In the latest case of Iranian authorities cracking down on fashion they deem “un-Islamic,” a famous clothing design institute called “Khaneh Mode” or Mode House was shut down last week in Tehran. The fashion designer had caused a controversy last month when it held a show with models wearing coats which appeared to be made of the Iranian flag—minus its religious symbols. Nor did it help that the show had allowed men among its audience, which violates conservative Islamic taboos.

This was followed by intense reaction from conservative politicians and religious groups, who cited the show as yet another violation of Islamic mores and traditions, which in turn forced the government to react. “This fashion show did not match the regulations of the Fashion and Clothes Management Workgroup and therefore we have taken legal action,” said Hamid Ghobadi, the workgroup’s secretary according to the official ISNA news agency. “The Khaneh Mode institute has been shut down until further notice.”

The workgroup, which was created by an enactment of parliament, is tasked with organizing Iran’s emerging fashion industry and making it compatible with Islamic standards. It is headed by a deputy minister of Iran’s Ministry of Culture and Islamic Guidance and its members are mostly government officials, with a handful of representatives from the fashion industry. Pictures of the show first emerged on Iranian websites in late June and showed men among the audience—until recently was unheard of in the Islamic Republic. The young female models, who wore white leggings, sported loose coats in the green, white and red tricolor of the Iranian national flag.

Iran’s fledgling fashion industry has begun to evolve in recent years, with shows on the rise.
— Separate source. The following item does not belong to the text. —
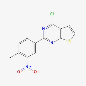 The synthesis of 4-Chloro-2-(4-methyl-3-nitrophenyl)thieno[2,3-d]pyrimidine typically involves multiple steps, including cyclization, chlorination, and nucleophilic substitution . One common synthetic route starts with the preparation of methyl 3-aminothiophene-2-carboxylate, which undergoes cyclization with urea to form the thieno[2,3-d]pyrimidine core . This intermediate is then chlorinated to introduce the chloro substituent at the 4-position. Finally, a nucleophilic substitution reaction with 4-methyl-3-nitrophenyl chloride yields the target compound .

Most of these shows have permissions from the authorities but also underground shows are on the rise which depict more risqué dresses and even lingerie. However, until recently all shows for female clothes were held behind closed doors with no men allowed inside. The audience was also not permitted to take pictures or film.
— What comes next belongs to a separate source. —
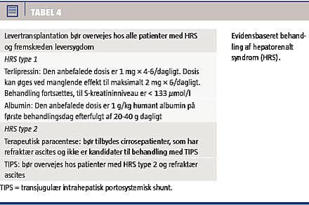 HRS er en hyppig og alvorlig komplikation i forbindelse med cirrose og ascites. Selv små ændringer i S-kreatininniveau kan være væsentlige og have stor betydning for udvikling af HRS og død. En række velkendte faktorer kan udløse HRS. Forebyggelse og korrekt behandling af disse reducerer risikoen for udvikling af HRS. Til HRS type 1 er den bedst dokumenterede behandling kombinationen af terlipressin og albumin. Ved HRS type 2 med gentagne behov for paracentese bør patienten vurderes med henblik på TIPS-anlæggelse eller levertransplantation.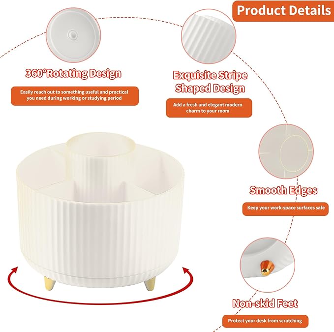 - [Modern Aesthetic Design]: A classic style gives this spinning organizer a versatile look, and striped has a sleek sophisticated design that will give your office or home décor such a classy touch. High-quality ABS makes it reliable and long-lasting, while a warm cute color adds a touch of charm.

Following the furor of religious and conservative groups the designers, Khaneh Mode immediately tried to do damage control with a statement on their website apologizing for having inadvertently offended anyone and reaffirming their commitment to “National and Islamic values.” Nonetheless, the authorities acted a few days later and shut them down.
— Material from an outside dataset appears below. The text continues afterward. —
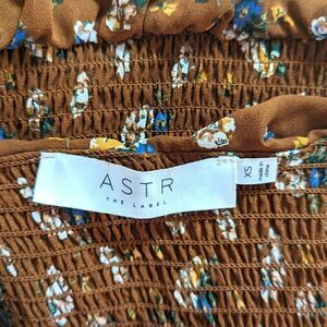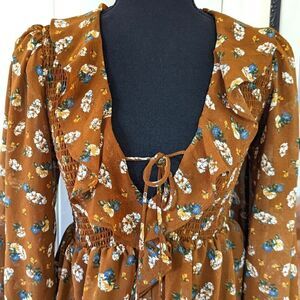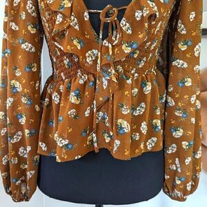 ASTR the Label Brown Floral Long Sleeve Ruffle Ditsy Smocked Bodice Top, sz XS, ruffles on the collar and along the waist, v-neckline with tie detail, long, flowy sleeves, floral print on the front and back

Javid Shirazi, the director of the fashion house, told TIME in Tehran that that “we are completely committed to working within Iran’s native and Islamic framework and we tried to observe these in our show. Inviting men to view shows is permitted since last year so long as the clothes completely cover the body of models and models do not catwalk but walk in a normal and modest manner.”

The shutting down of the fashion house is just the latest instance of an endless tug of war between authorities and women in Iran, one that has been fought since an Islamic dress code was enforced in the aftermath of the 1979 revolution. This clash comes to the forefront every summer, when the latest female attire trends pick up with a tendency towards shorter and skimpier coats and ever tighter legwear, which has been epitomized this year in leggings.

The authorities react every year by escalating their “Morality Patrols.” The outcome is a cat and mouse game between more fashionably dressed women and the authorities. The results can be bizarre—women sporting trendy attire will sometimes take taxis from one side to the other side of squares and junctions just to bypass the morality police.

But over time the will of Iranian women has slowly but surely prevailed, with acceptable dress these days now far beyond the harsh codes of the first years of the revolution, when practically no makeup was tolerated and anything less than a chador—a loose robe that covers the body from head to toe—was frowned upon. And with the election of the more moderate Hassan Rouhani as president last year, many hope that the authorities will relax their strict stance on what women can wear in public.

Officially there has been no relaxation, in fact the authorities have tried everything they could think of to counter it. But in practice it’s a losing battle.

“Since last year there’s been a transformation in the framework of the permits we can get and what we can do,” said Shirazi, who sounded upbeat in spite of the closing of his business. “With the great potential this country has and the great desire young Iranians have, there is a bright future for the fashion industry in Iran, and this [the shutting down of Khaneh Mode] is just necessary experience we need to gain to go ahead.”

TIME

Foreign Companies Strike Hopeful Note at Iranian Oil Fair

As Iran and the West attempt to hammer out a deal over the country's nuclear program, there was a spike in participation by foreign companies at an annual oil & gas expo in Tehran

As Iran’s 19th annual International Oil, Gas and Petrochemical Exhibition drew to an end in Tehran last week, it was hailed as a success by both organizers and participants alike. Though none of the European or American oil giants had taken part, there was a tripling of participation by foreign companies from countries such as Germany, Spain, Canada and Japan as well as the Chinese.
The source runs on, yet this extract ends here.